La shugenja n'était pas mécontente de replonger dans les enquêtes.
La Magistrature voyagea sur des montures Licornes que Kohei avait pu leur obtenir. Ils voyagèrent léger, et changèrent en route deux fois de chevaux, les poussant à bout. Hiruya sentait monter en lui une sourde colère. Il ne dormirait plus avant d'avoir tout compris... Partis en milieu de journée, nos héros arrivèrent le lendemain soir en vue du Village de l'Or Bleu. Là, on vint à leur rencontre : c'était Shiba Tadamischi lui-même.
- Je suis descendu à votre rencontre, samuraï, expliqua-t-il, certains que vous répondriez sans tarder à mon appel. Le crime s'est produit aux abords de cette petite Cité.
- Conduisez-nous, ordonna Hiruya.
Les Magistrats traversèrent la forêt et virent la petite masure.
- Nous n'avons touché à rien, mais il faudra bientôt les enlever, dit le Magistrat.
Tout le monde s'était plaqué un mouchoir sur le nez. Les cadavres des ninjas étaient toujours là. Et aussi le cadavre d'Emmon. Nos héros le reconnurent sans hésitation. Sa beauté ténébreuse n'était pas encore trop flétrie par la mort. Il avait juste un peu bleui.
Ayame frissonna en l'observant. Elle avait l'impression que le Scorpion lui signifiait qu'elle serait la prochaine...
- Nous savons également, dit Shiba Tadamischi, qu'une de vos connaissances a séjourné dans l'auberge. Ce rônin appelé Riobe.
- Comment ?
- Comme je vous le dis, honorable Magistrat. Il est venu me voir à mon palais ,puis il est descendu ici, dans la Cité de l'Or Bleu.
- Que voulait-il ?
- Il voulait retrouver cet homme, Shosuro Emmon.
- Au fond, dit soudain Ikky, nous n'avons jamais su comment Riobe l'a connu.
- Si les honorables Magistrats m'autorisent à parler, dit le yoriki en chef de la Cité de l'Or Bleu, je pense savoir.
- Parle, dit Hiruya, impatient.
- C'était il y a deux hivers, expliqua-t-il. Le rônin Riobe était venu ici, en compagnie du passeur Gempachi, chez qui il résidait, avec un autre rônin, un grand costaud taillé comme un Crabe, et qui s'appelait Sotan. C'est ce jour qu'un envoyé de l'Empereur en personne vint annoncer le rétablissement du clan du Scorpion. J'étais là, avec mes hommes : nous avions réuni toute la population, comme le demandait l'émissaire. Et ce samuraï, Shosuro Emmon était là. Devant Riobe, furieux, il s'est vanté, a trouvé que c'était bien... quelque chose comme cela...

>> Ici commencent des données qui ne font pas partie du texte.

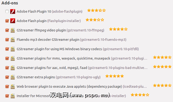 不确定这些是什么意思吗?最上面的“ flashplugin-installer"将Adobe Flash安装在您的系统上。各种“ gstreamer"软件包向Gstreamer添加了编解码器,Ubuntu视频和音乐播放器均使用它们打开文件。 “ IcedTea"是Java的浏览器插件,在列表中后面是几个其他编解码器。 mscorefonts软件包为您提供Times New Roman,Arial和其他Windows标准字体。 Unrar会执行以下操作:打开RAR文件。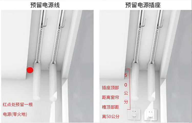 (5)安装需要预留至少一个电源插头,插座顶部需距离窗帘槽顶部50CM

- Par Shiba, c'est évident, dit Ikky. Riobe, fier comme il l'est, ne l'a pas supporté !
On garda le silence quelques instants. Ce qui s'était passé n'était que trop clair. On imagnait le drame qui s'était produit ici, deux ans plus tôt, et quelques jours plus tôt.

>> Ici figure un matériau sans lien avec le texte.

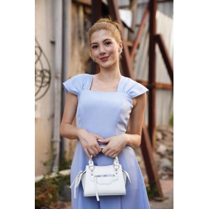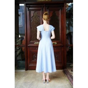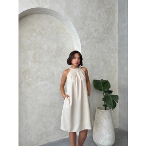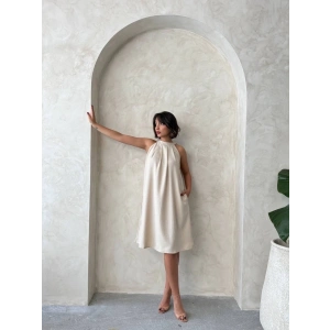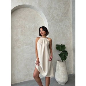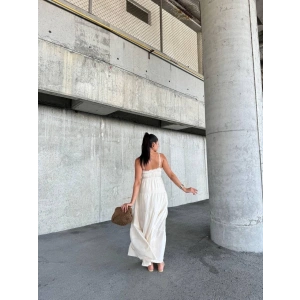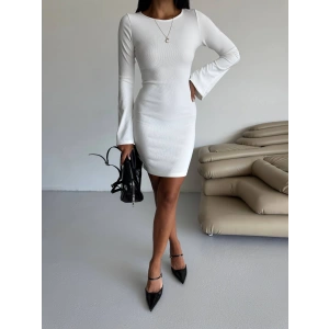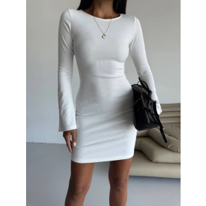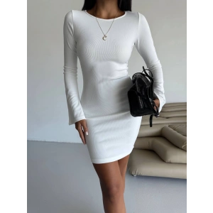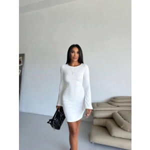 Boğazlı gögüs dekolteli elbise beyaz f2333

- Il est urgent de prévenir Kitabakate-senseï, dit Ayame. Emmon était son élève, après tout.
- C'est juste. Elle et d'autres personnes. Donc nous allons rentrer sans tarder.

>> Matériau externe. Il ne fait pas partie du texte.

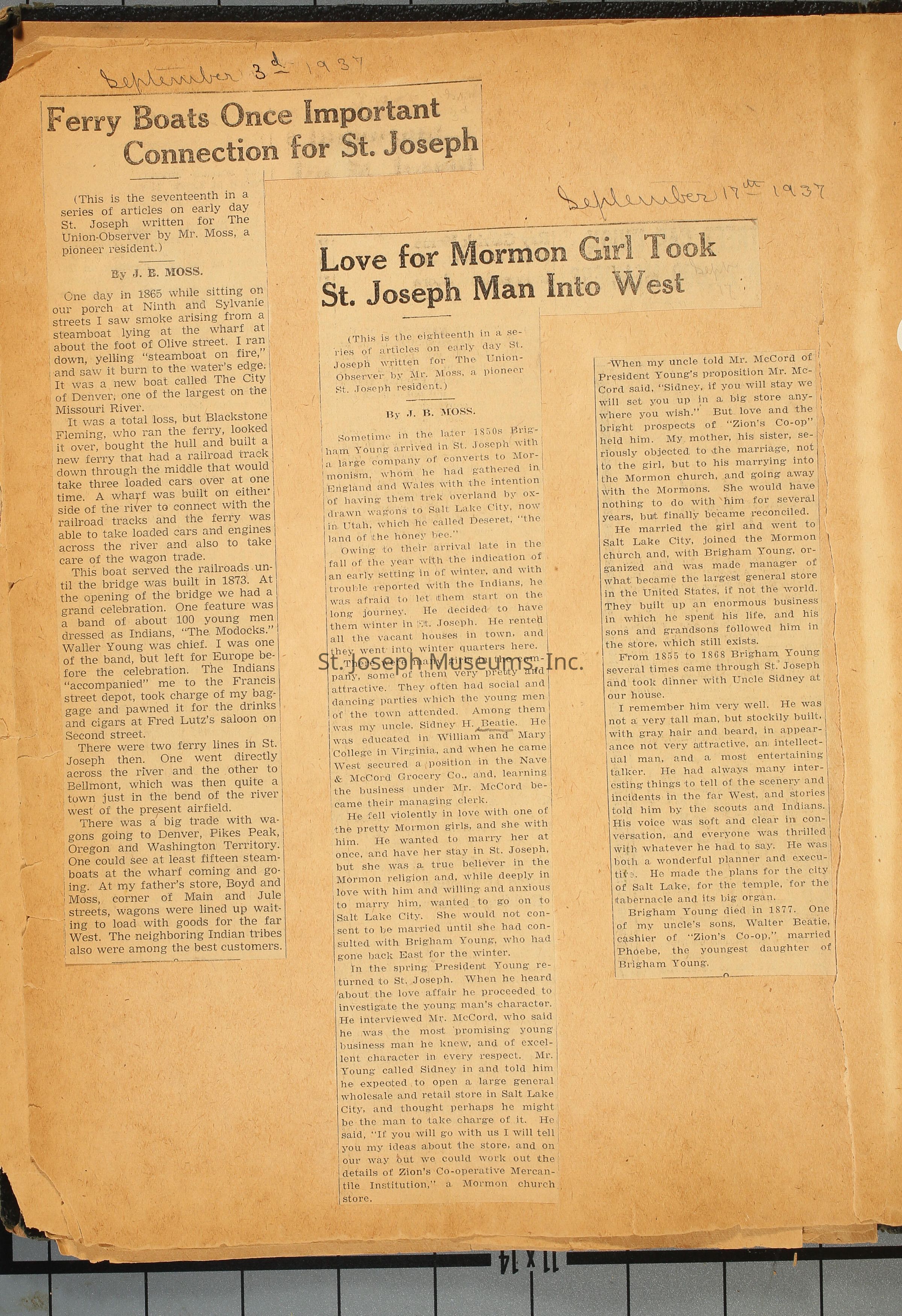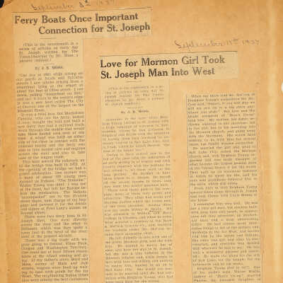 Love for Mormon Girl Took St. Joseph Man into West (September 17, 1937)Photograph Details

- Je m'excuse, dit le Magistrat, de ne pas avoir, dans ma lettre...
- Ce n'est rien, vous avez bien fait.
Les Magistrats se firent conduire dans la meilleure auberge de la région et, à la première heure, remontèrent en selle. Ils ignoraient que, pendant ce temps, deux drames venaient de se jouer.